In the late 1990s, two lawsuits by white applicants who had been rejected by the University of Michigan began working their way through the federal court system, aimed at the abolition of racial preferences in college admissions. The stakes were high, the constitutional questions profound, the politics and emotions explosive. It was soon evident that the matter was headed for the highest court in the land, but there all clarity ended.
To the plaintiffs and the feisty public-interest law firm that backed them, the suits were a long overdue assault on reverse discrimination. The Constitution, strictly construed, was color-blind. Discrimination under any guise was not only illegal, it was the wrong way to set history right in a nation that had been troubled and divided by the uses and misuses of race for more than two hundred years.

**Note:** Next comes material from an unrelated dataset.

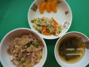 9月152016にじいろ給食ブログ~ 今日の給食 ~ ・豚丼 ・キャベツのゆかり和え ・ほうれん草と人参のみそ汁 ・みかん ~ 今日のおやつ ~ ・牛乳 ・お月見団子 (もも組:麦茶・牛乳プリン・おせんべい) Post navigationPreviousPrevious post:9月15日(木)NextNext post:9月16日(金)
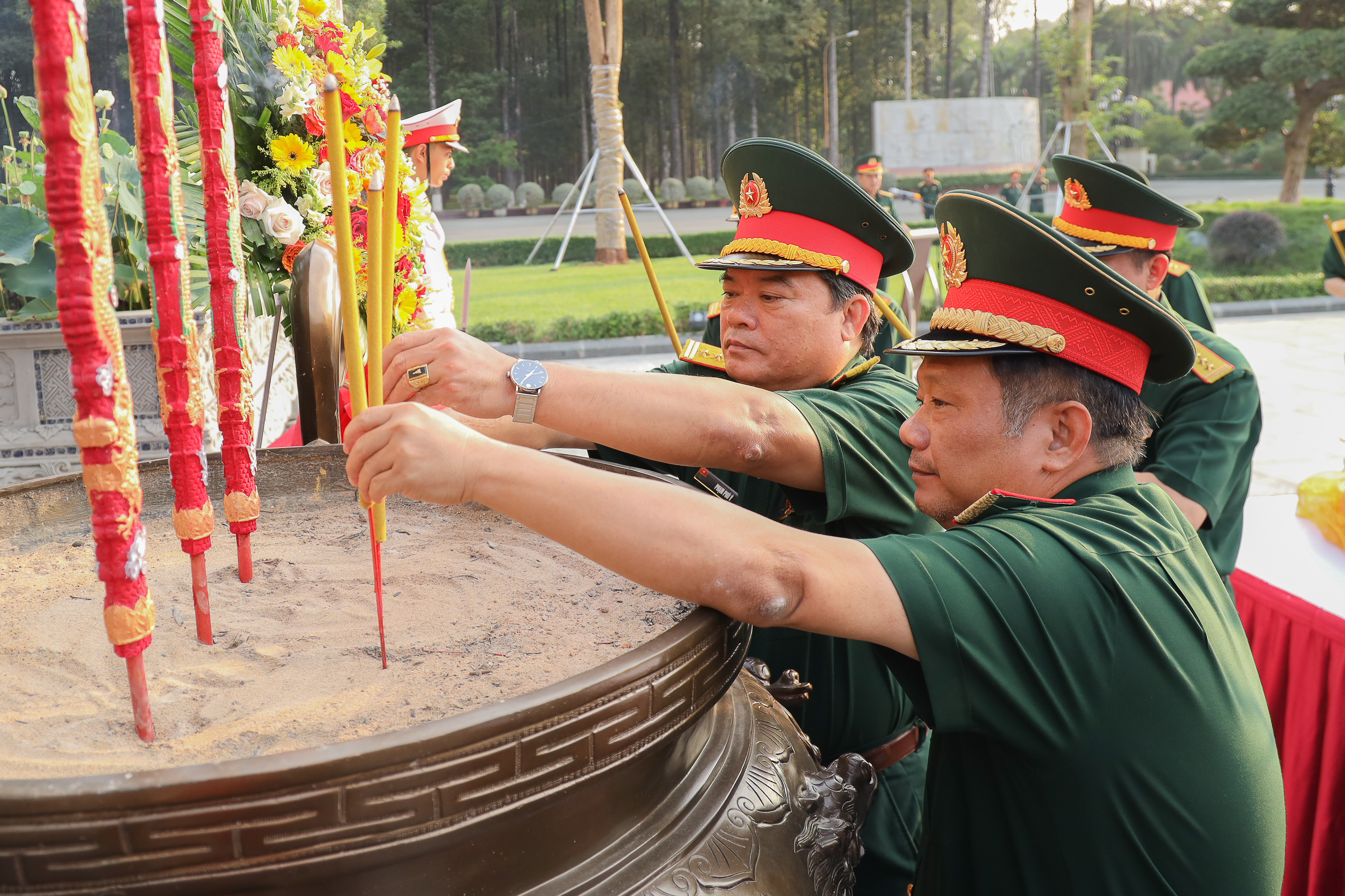 Trước buổi lễ, thủ trưởng Bộ Tư lệnh, các cơ quan Quân khu và cán bộ, chiến sĩ dâng hương tưởng niệm Chủ tịch Hồ Chí Minh tại Đài tưởng niệm Chủ tịch Hồ Chí Minh trước Sở chỉ huy Quân khu.

To the University of Michigan, and to other top institutions striving to expand opportunity and create diverse, representative student bodies, it looked as if most of what had been put in place since the 1978 Bakke v. University of California decision was about to be undone. Black and Hispanic students were in danger of being once again largely shut out of the most important avenue of advancement in America, an elite education. To some, it appeared likely that racial integration was about to suffer their worst setback since the start of the civil rights movement.
In A Black and White Case, veteran Supreme Court reporter Greg Stohr portrays the individual dramas and exposes the human passions that colored and propelled this momentous legal struggle. His fascinating account takes us deep inside America’s court system, where logic collides with emotion, and common sense must contend with the majesty and sometimes the seeming perversity of the law. He follows the trail from Michigan to Washington, DC, revealing how lawyers argued and strategized, how lower-court judges fought behind the scenes for control of the cases, and why the White House filed a brief in support of the white students, in opposition to a chorus of retired generals and admirals worried that the military academies would no longer reflect the face of America.
Finally, Stohr details the fallout from the Supreme Court's controversial 2003 ruling that both upheld affirmative action and upended some of the methods that had been used to effect it. And he shows how colleges and universities are reshaping their affirmative action policies--an evolution closely watched by lower courts, employers, civil rights lawyers, legislators, regulators, and the public.
A Black and White Case brings alive and brilliantly explains one of the most important Supreme Court decisions on the fundamental and divisive subject of race relations in America.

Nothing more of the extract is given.